What’s the difference between a tax top up and tax relief?
If you’re a registered tax payer, you won’t have to pay tax on your pension contributions (up to a limit). This is known as tax relief.
The amount of tax relief you receive is dependent on the amount of income tax you pay. For most people, it’s 20%.
This means that for every £100 you contribute to your pension, £20 of that is claimed back as tax relief. In effect, you only have to pay in £80 for every £100 that lands in your pension.
Here’s another way to think of it... for every £80 you personally contribute to your pension, the government tops it up by £20. In effect, you receive a 25% tax top up.
So whether you view it as 20% tax relief or a 25% tax top up, the result is the same.
Can I drawdown part of my 25% tax free cash now, and some at a later date?
Yes, for customers over the age of 55 (expected to rise to 57 in 2028), PensionBee offers the ability to be completely flexible with your drawdown. It is important to consider the pension “recycling rules” if you intend on making pension contributions following a withdrawal. Pension recycling is where an individual reinvests either their tax free cash or pension income back into a pension scheme and may be subject to tax penalties.
Can I claim tax relief if I’m not based in the UK?
Yes, as long as you’re still classified as a ‘relevant UK individual’*.

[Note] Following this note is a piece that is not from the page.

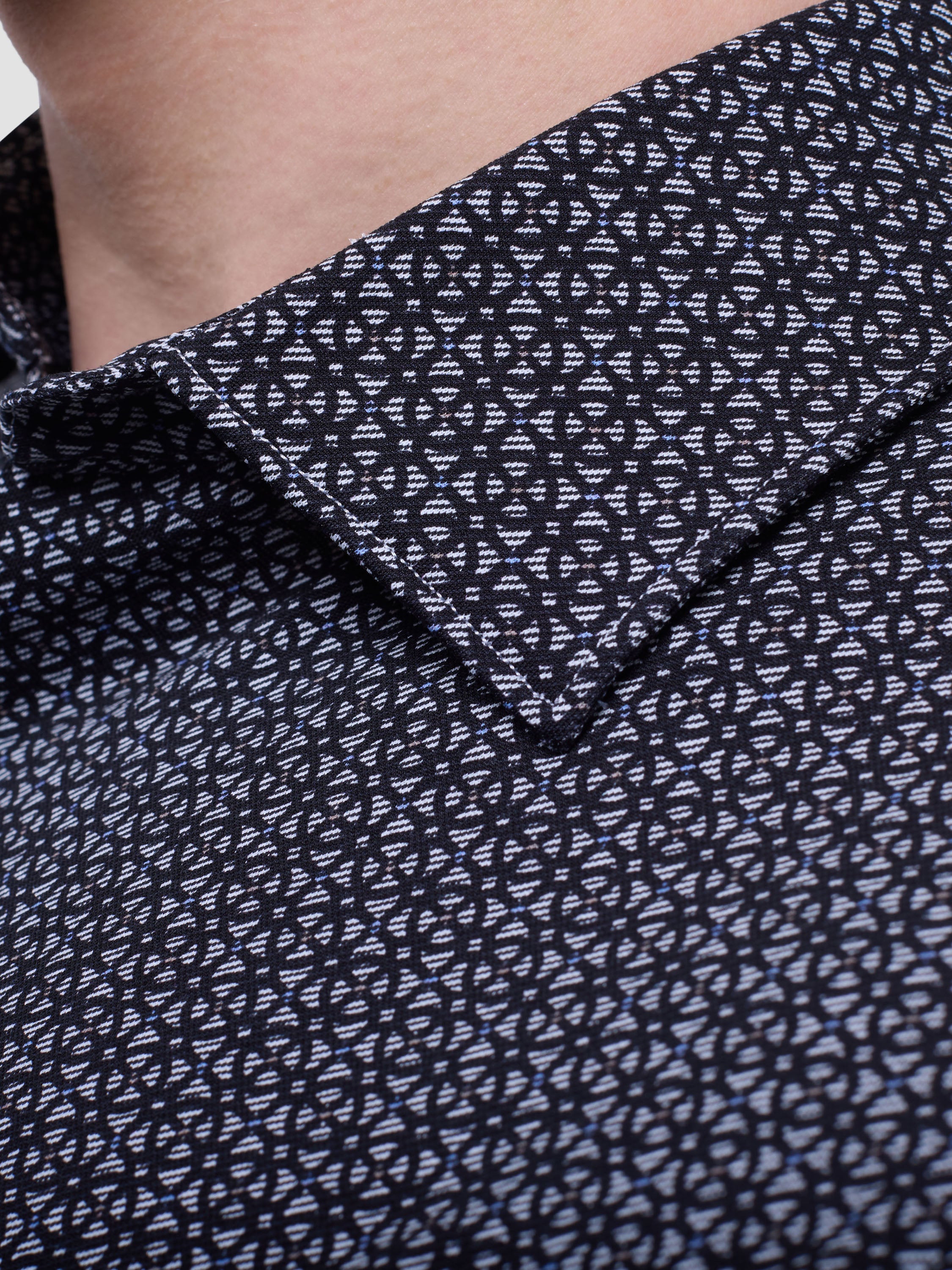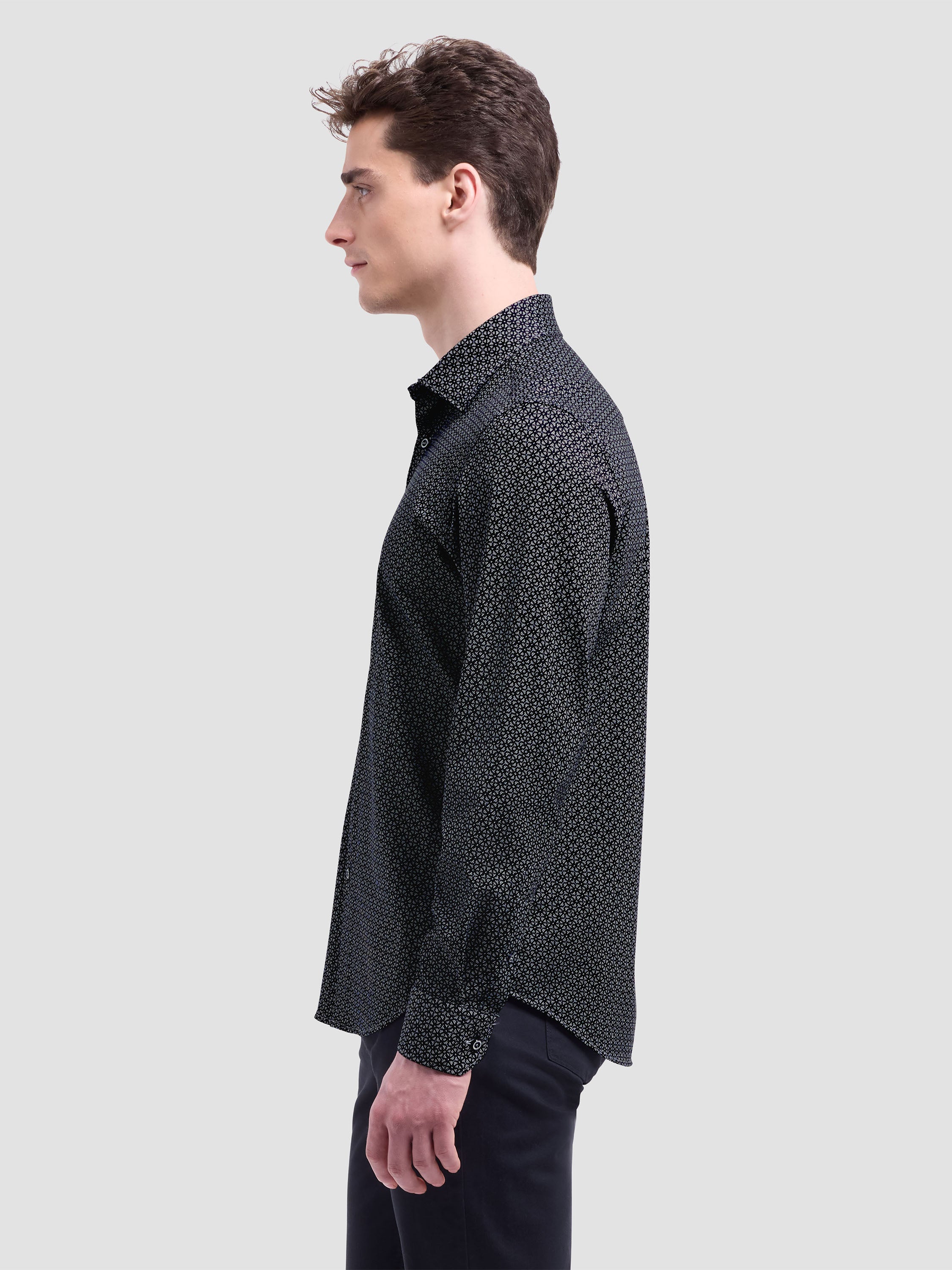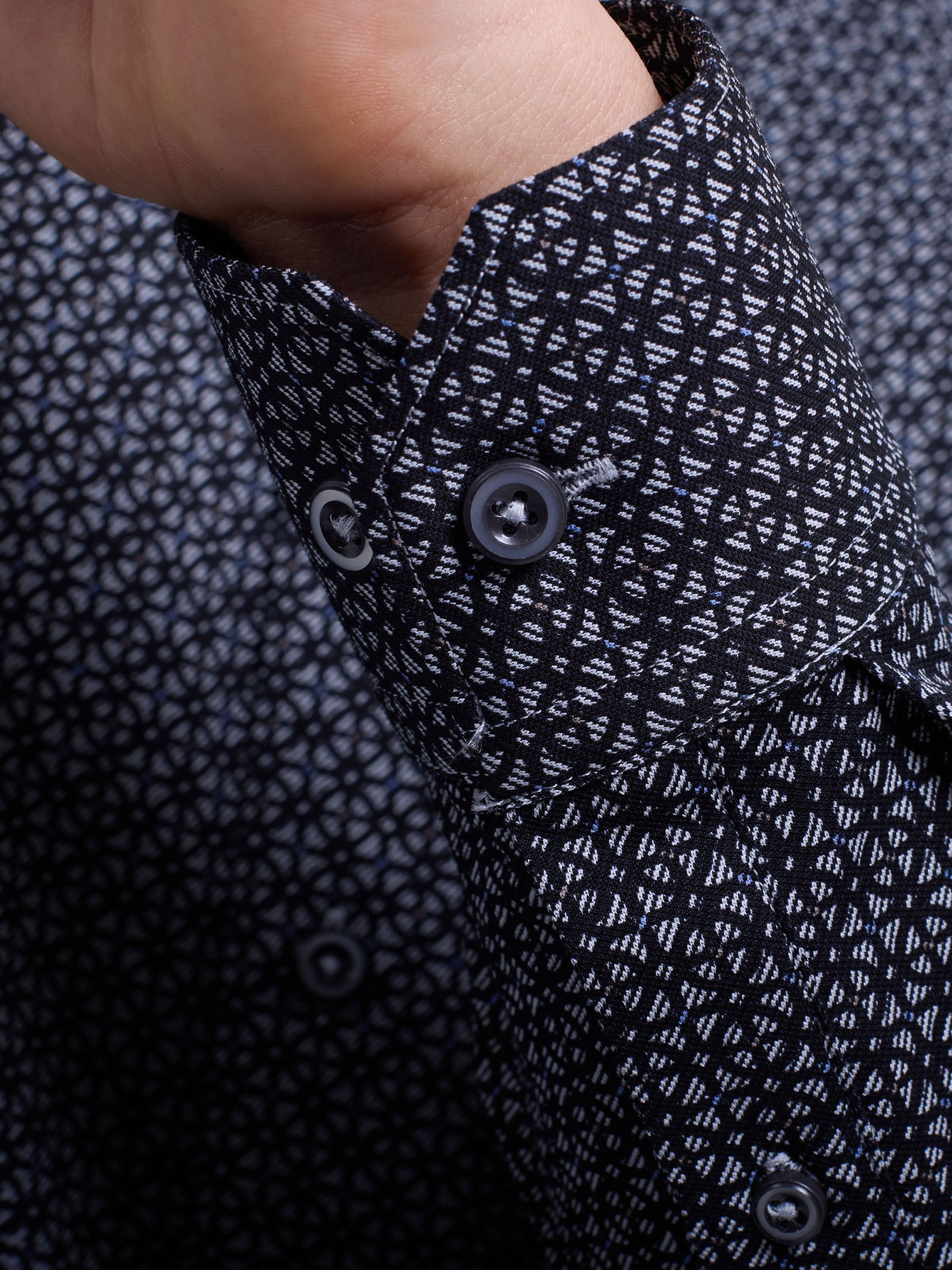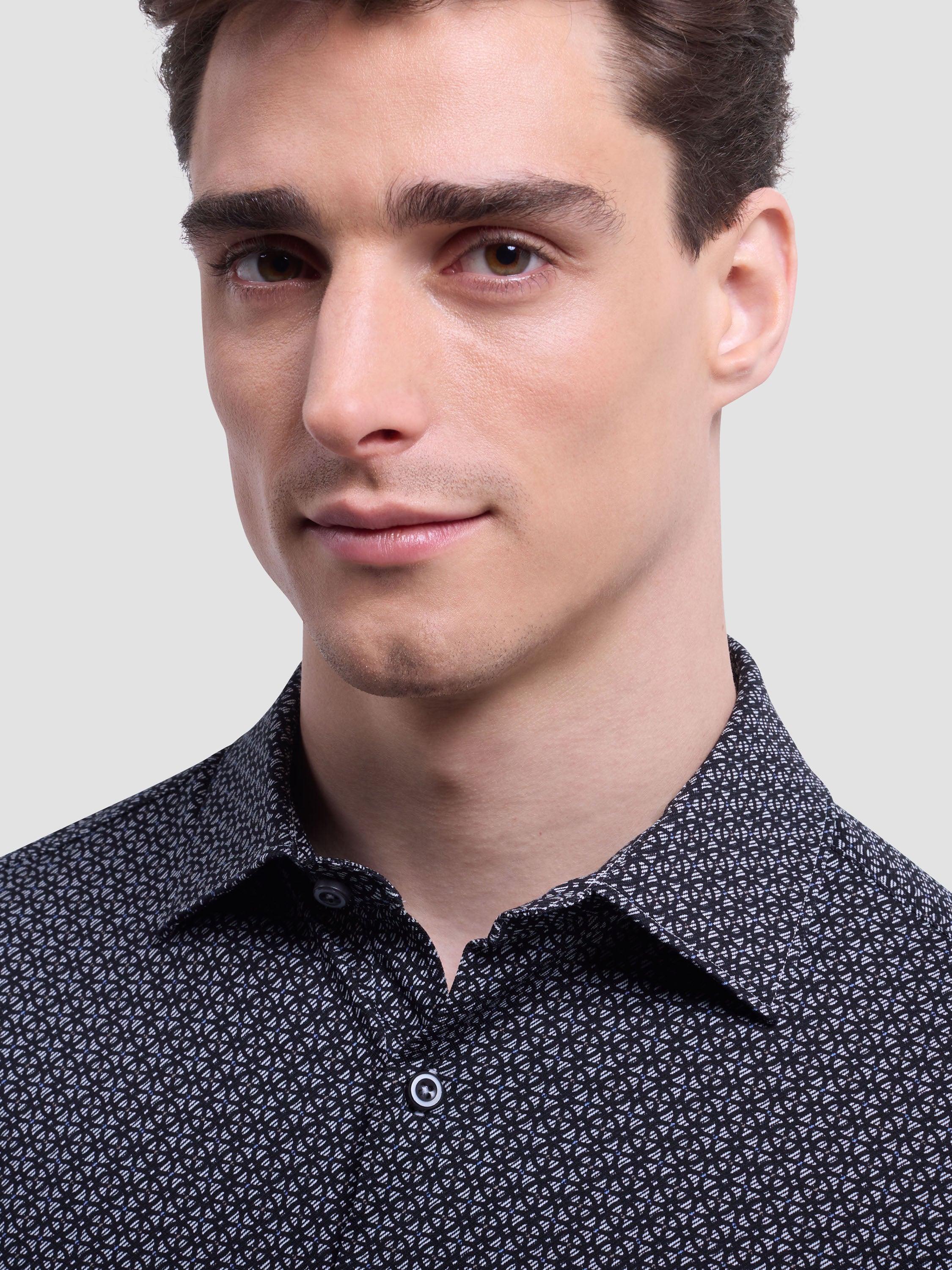 The James OoohCotton® long-sleeved shirt in paisley print features a point collar, mother-of-pearl buttons, and a curved hem for a sleek tucked or untucked look. The notched cuffs are adjustable to allow for customized fit and also convertible to accommodate cufflinks. OoohCotton® is a performance, double-mercerized, wrinkle-resistant, breathable, and easy-care cotton blend with 8-way stretch, quick-dry, and thermal comfort properties.

To be a relevant UK individual, you’ll need to be in at least one of the following categories:
- You are/were a UK resident for tax purposes at some point during the current tax year
- You are/were a UK resident for tax purposes at some point during the last five tax years, and when signing up to PensionBee
- You have a spouse/civil partner with general earnings from overseas Crown employment, subject to UK tax
- You have ‘relevant UK earnings’**, subject to income tax
*If you’re not classified as a relevant UK individual, you won’t be able to claim tax relief.
**Relevant UK earnings are normally your total taxable earnings from UK-based work. This includes earnings from employment, self-employment and bonuses. It generally doesn’t include any investment income.
How do I claim back higher or additional rate tax relief?
Higher and additional rate taxpayers can claim a further 25% and 31% respectively through their Self-Assessment tax returns. This is relevant to tax rates in England, Wales and Northern Ireland. For Scotland there are different applicable rates which you can read more about on the HMRC website. It may be necessary to register for Self-Assessment first if you’ve never filled out a tax return before. Once registered, you can submit returns for the previous tax year from 6 April each year. For example, from 6 April 2024, you’ll be able to file a tax return for your earnings from 6 April 2023 to 5 April 2024. The deadline to submit a return online is 31 January the following year. You can call or write to HMRC to claim it if you don’t fill in a Self-Assessment tax return.